- Born: 15 February 1902 Bodbiskhevi, Signagi district, Georgia
- Died: 15 August 1994 (aged 92) Tbilisi, Georgia
- Education: Tbilisi State University
- Scientific career
- Fields: Psychiatry Neuromorphology
- Workplaces: Tbilisi State Medical University M.M. Asatiani Scientific Research Institute of Psychiatry

= Avlipi Zurabashvili =

Georgian psychiatrist and neuromorphologist

Avlipi Zurabashvili (ავლიპი ზურაბაშვილი; February 15, 1902 – August 15, 1994) was a prominent Georgian psychiatrist and neuromorphologist. Doctor of Medicine (1937), professor (1942), member of the Georgian Academy of Sciences (1955), members of the USSR Academy of Medical Sciences (1960). Is one of the pioneer researchers in Georgia into the ontogeny of the human CNS.

==Biography==
Avlipi Zurabashvili was born on 15 February 1902 in the village of Bodbiskhevi, Signagi district, Georgia. In 1920 he finished the Tbilisi Technical High School, and in 1927 the medical faculty of Tbilisi State University. In 1927–1930 he served as an intern, and later assistant, at the chair of psychiatry of the same University. Between 1930 and 1938 Zurabashvili was post-graduate, and later senior researcher, at the Pavlov Institute of Physiology and the Bekhterev Psychoneurological Institute in Leningrad.

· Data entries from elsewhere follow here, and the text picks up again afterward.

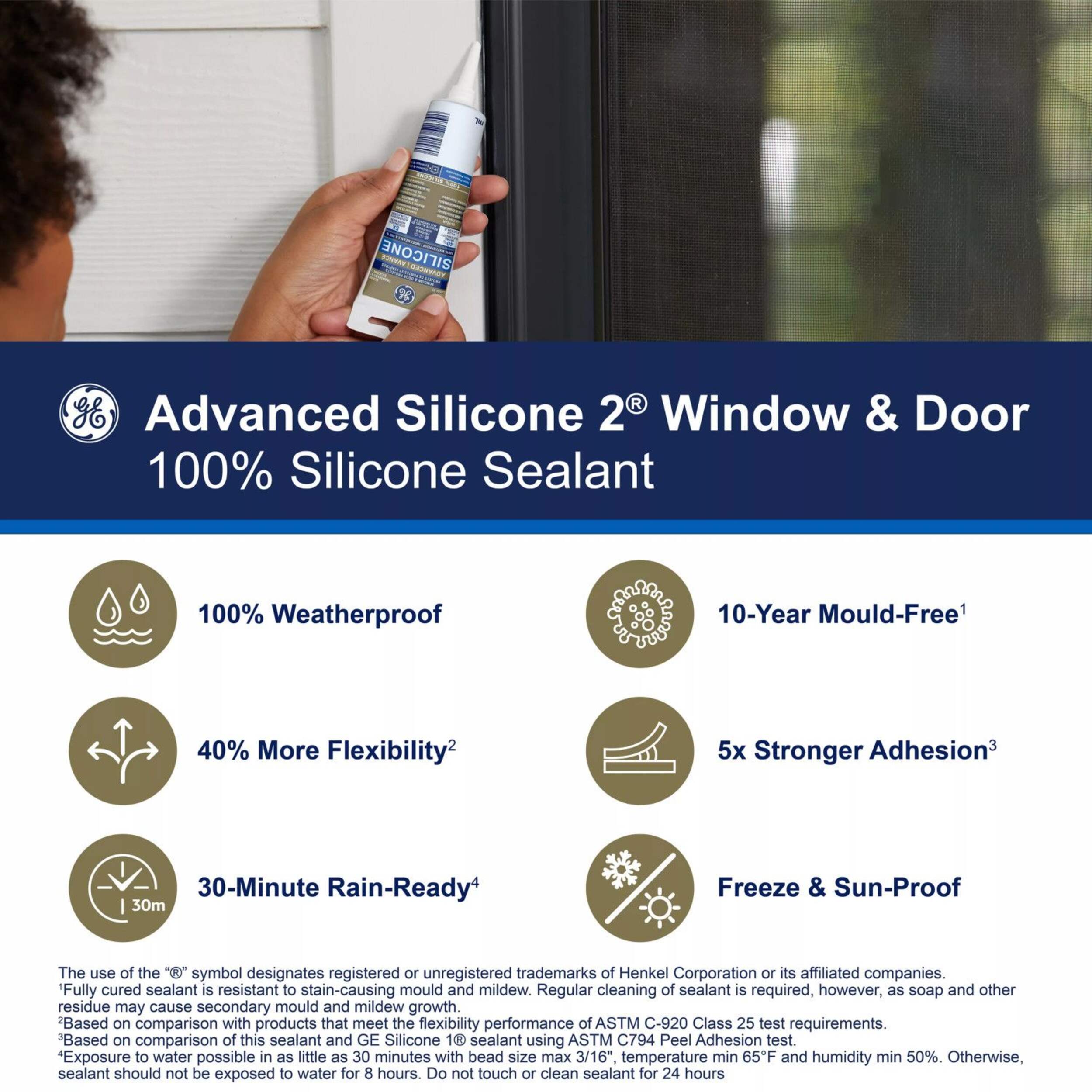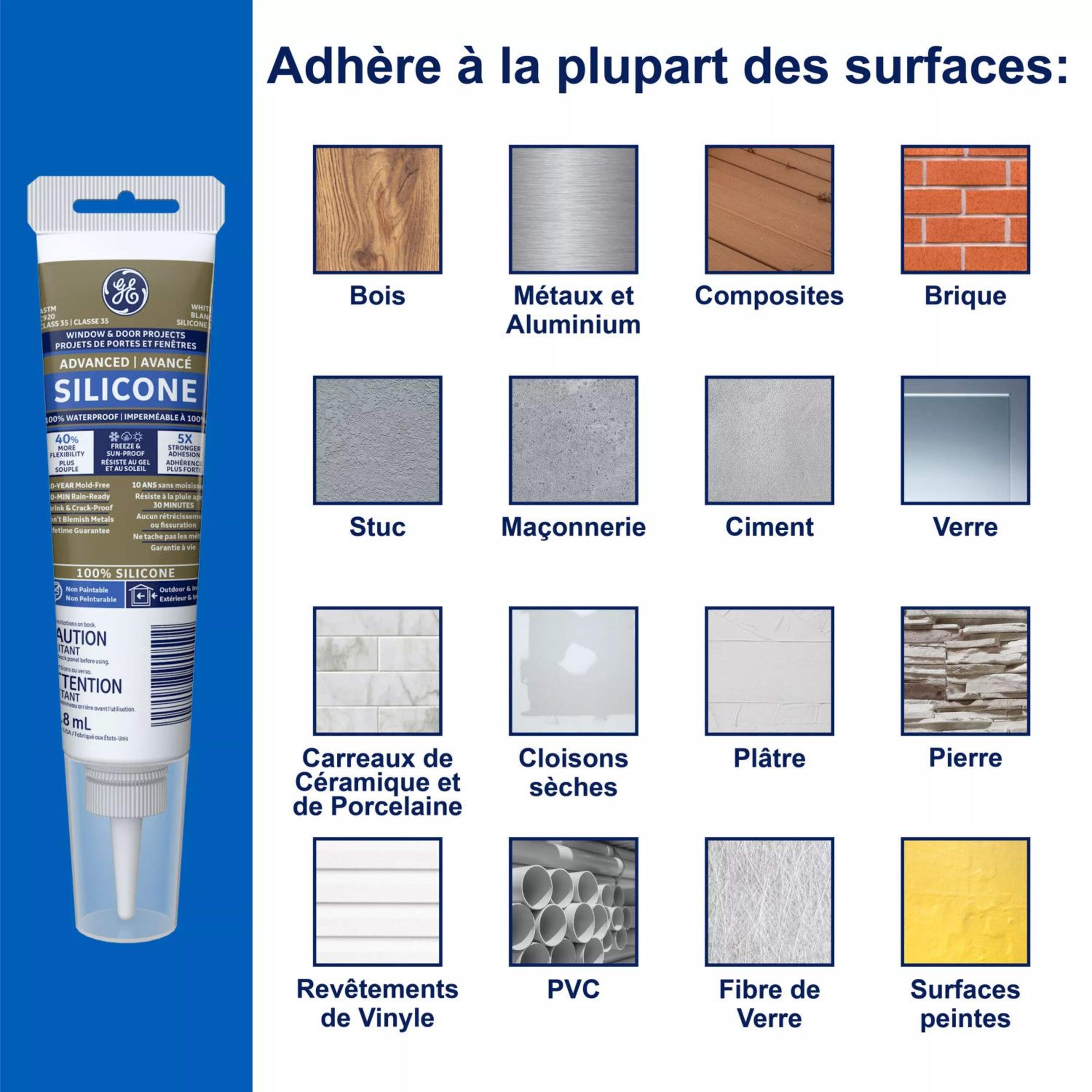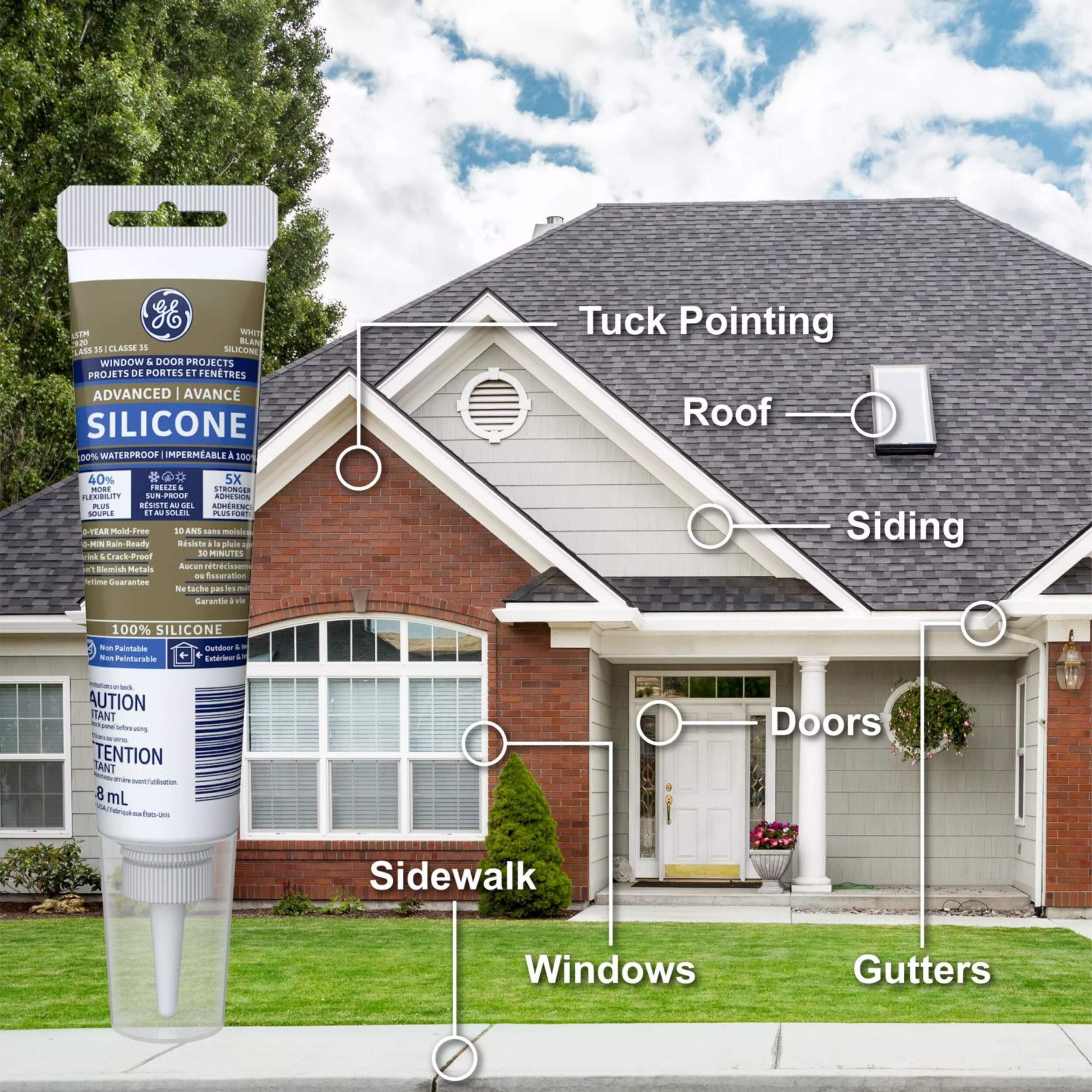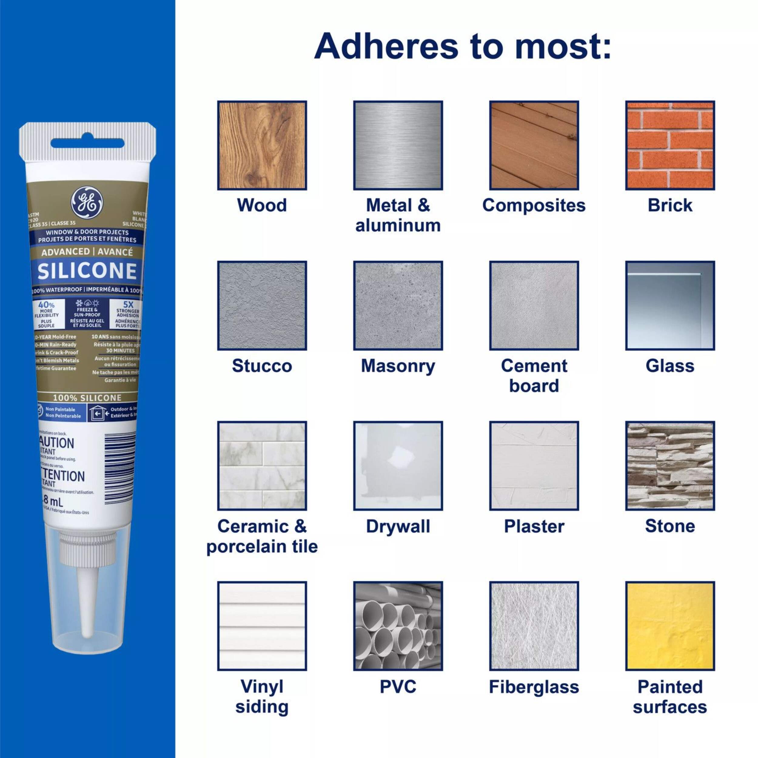 GE Advanced Silicone Window & Door Sealant is a 100% waterproof and weatherproof and 100% silicone formula that offers protection againstwater damage, providing a reliable seal in areas prone to harsh weather
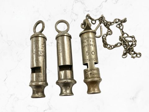 Two vintage ARP whistles together with a Metropolitan police whistle
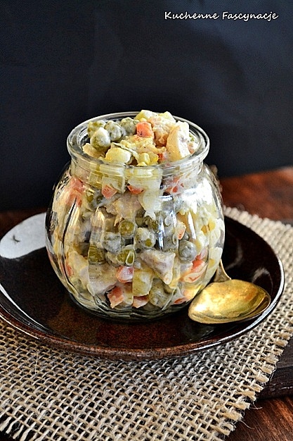 Świeże warzywa siekamy w niewielką kostkę. Ogórka kiszonego nie obieramy ze skórki, siekamy również w kostkę. Kurczaka rozdrobnić na mniejsze kawałki. Pieczarki posiekać w plasterki.

Zurabashvili is the author of basic studies in the fine structure of the brain, the reversibility of nervous cell lesions, pathopsychology, personology and pathopersonology that have received international recognition. He is the founder of the school of Georgian psychiatrist, widely known in this country and beyond its borders. Zurabashvili has 400 studies to his credit, published in Georgian, Russian, French, English, German, Italian, and other languages, including 22 monographs. Among his numerous pupils 80 are candidates and 40 doctors of science, as well as professors and members of scientific academies.

It should be emphasized that Zurabashvili initiated a special line of research in neuromorphology, termed «synaptoarchitectonics» and «pathosynaptoarchitectonics», and in 1947 he published, for the first time, a generalizing study: The Synapses (in Russian).